I am constantly discovering (and sometimes envying) the genius of others, but in this article, I bow to these amazing research projects that work to protect elephants and rhinos against the ivory trade. I've shared my favorites with you because y'all need to know about these too.
1. Rhino Rescue Project
This project blows my mind. Rhino Rescue Project, which many of you know as the project that dies rhino tusks pink, was started in South Africa in 2010. RRP is the result of a desire to be proactive and protect a member of the Big 5, the rhino, which is under threat of disappearing this year. Their idea? Devalue the horn!
"Our mission is to offer a sustainable, cost-effective defense strategy to protect rhinos in South Africa and elsewhere from poaching," the project's website states. "We believe that the only way to save the rhino is to devalue their horns from the consumer perspective."
And so, rhino horns have been injected with ectoparasitides (a chemical to control parasitic populations without harming the animal injected).

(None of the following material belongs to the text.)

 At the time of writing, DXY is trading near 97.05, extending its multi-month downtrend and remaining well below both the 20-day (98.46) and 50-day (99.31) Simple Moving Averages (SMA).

Because the chemicals are not safe for human ingestion, this deters the use of rhino horn for medicinal purposes, the main reason rhinos are poached.
Genius? I think so!
2. Tracking Ivory Tusks
This project was done by National Geographic and is an amazing piece of espionage. The publication wanted to find out the average route of a tusk from poachers to the Asian market, so they created fake tusks with hidden GPS trackers, placing them in known poacher territory in the Central African Republic (CAR).
They found that the tusks are often brought across several African borders to states with lax trade laws and enforcement. National Geographic was also able to track the rise in ivory sales as the tusks change hands on their way to Asia.

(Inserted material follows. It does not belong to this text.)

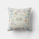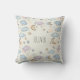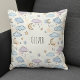 Denna personliga kastkudde har en skissartad illustration av lekfulla stjärnor, halvmånar och ludna moln i mjuk pastellvattenfärg.

From their findings, tusks increase in price from $66 when sold to transporters to over $4,000 when they reach Asian markets. While I definitely don't have a budget to sustain this scale of research, I am pleased National Geographic is dedicated to creating a deeper understanding of the illegal ivory trade.
3. Elephants for Africa
This organization is the creation of Dr. Kate Evans, a British biologist based in Botswana. The unique approach of Elephants for Africa focuses on human-elephant conflict, the problem that started poaching.
By observing bulls, this team of researchers is able to better understand the behavior patterns that contribute to negative confrontations with humans, which then are turned into educational experiences. By educating and employing community members and children in Botswana, Elephants for Africa has created a more personal connection with the wildlife and has instilled a pride in Botswana's environment.

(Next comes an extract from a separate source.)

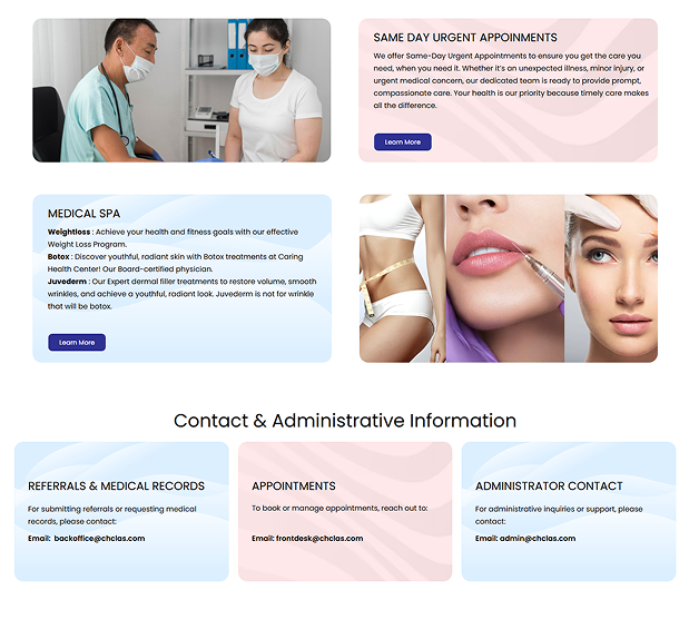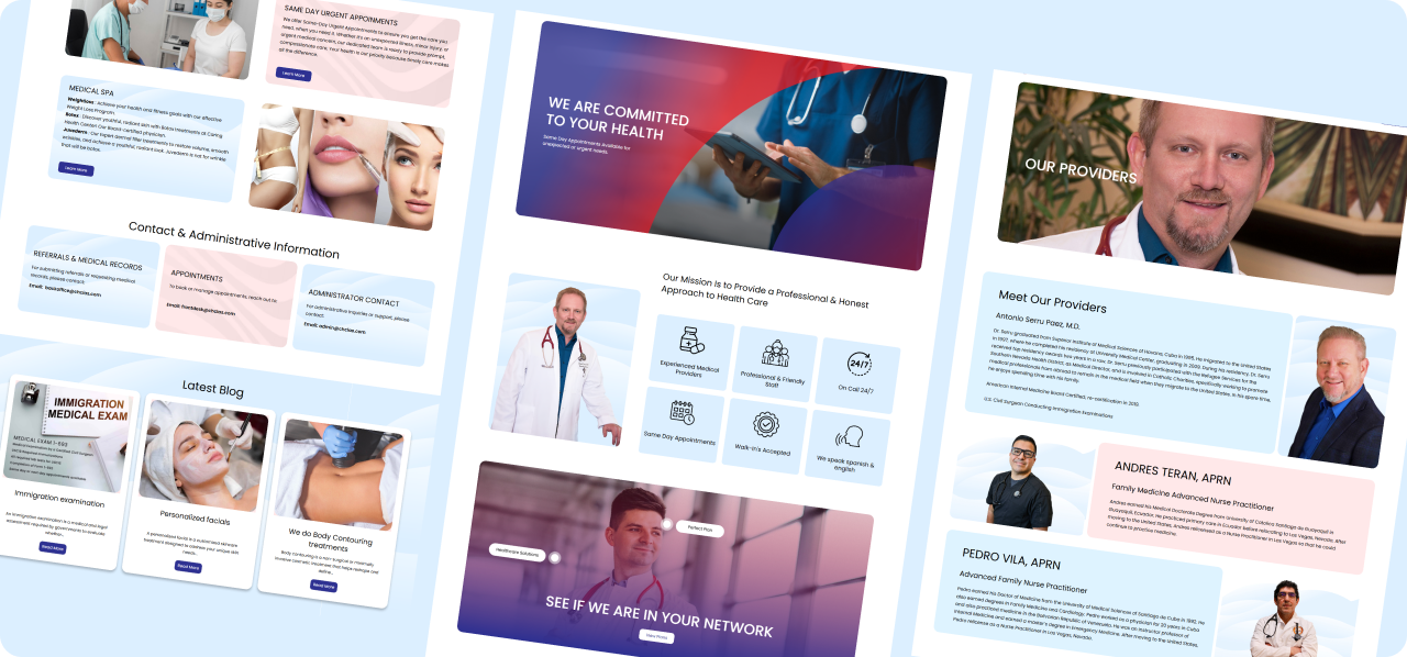 Caring Health Center is a full-service medical and wellness provider offering primary care, family medicine, internal medicine, cosmetic and medical spa services, and immigration medical examinations. The site is designed to provide patients with clear service information, appointment booking, telemedicine access, and medical resource content. With a professional, user-friendly layout and multi-service structure, it reflects the center’s commitment to accessible, patient-focused healthcare in the Las Vegas area.

4. Finding Poaching Hotspots
I discovered a study released by Samuel K. Wasser (and others) from the University of Washington. This study pinpointed hotspots for ivory seizures to help understand the areas in Africa elephants are in the most danger.
"Here we use DNA-based methods to assign populations of origin to African elephant ivory from 28 large seizures made across Africa and Asia from 1996 to 2014," the researchers wrote in their paper, published in June 2015. "Identifying the number and location of Africa's major poaching hotspots may assist efforts to end poaching and facilitate recovery of elephant populations."
By doing this research we know specific areas of Africa where elephants are in the most danger. Not only this, we can identify what nations have more lax trading laws that allow tusks to be imported or exported with little difficulty. Now that we have this information, targeting poaching rings can be a more successful process.
5. Population Control
Another issue facing elephants is the concentrated populations of herds in local areas. Because humans are increasingly taking over the continent, elephants have less room to roam, so they restrict their movements to smaller areas. In recent years researchers have developed an immunocontraceptive to help control elephant populations by preventing cows from getting pregnant.
I'll admit, I have mixed feelings about this. On the one hand, I would rather elephants not get pregnant than get pregnant and be shot for becoming too numerous. On the other hand, the idea that there might be less baby elephants in the world makes me sad, especially since elephants reproduce at slower rates than most animals (not surprising, considering elephant babies are considerably larger than other mammals).
But regardless of my personal feelings, I applaud the work that's been done to protect elephants from becoming targets of the government, or of farmers, who grow uncomfortable with large herds living next door. So ultimately, I am grateful for this more gentle approach to avoiding human-elephant conflict.
So there you have it, 5 great projects that have made a difference in saving a keystone species in Africa. While my own research project may not be as flashy, I'm proud that I can spread the word about the work others are doing to save elephants.
Kerry Skiff is a conservation advocate and recent journalism graduate of Northern Kentucky University. She follows the ivory trade around the world, and uses her voice to educate Americans about their role in animal conservation.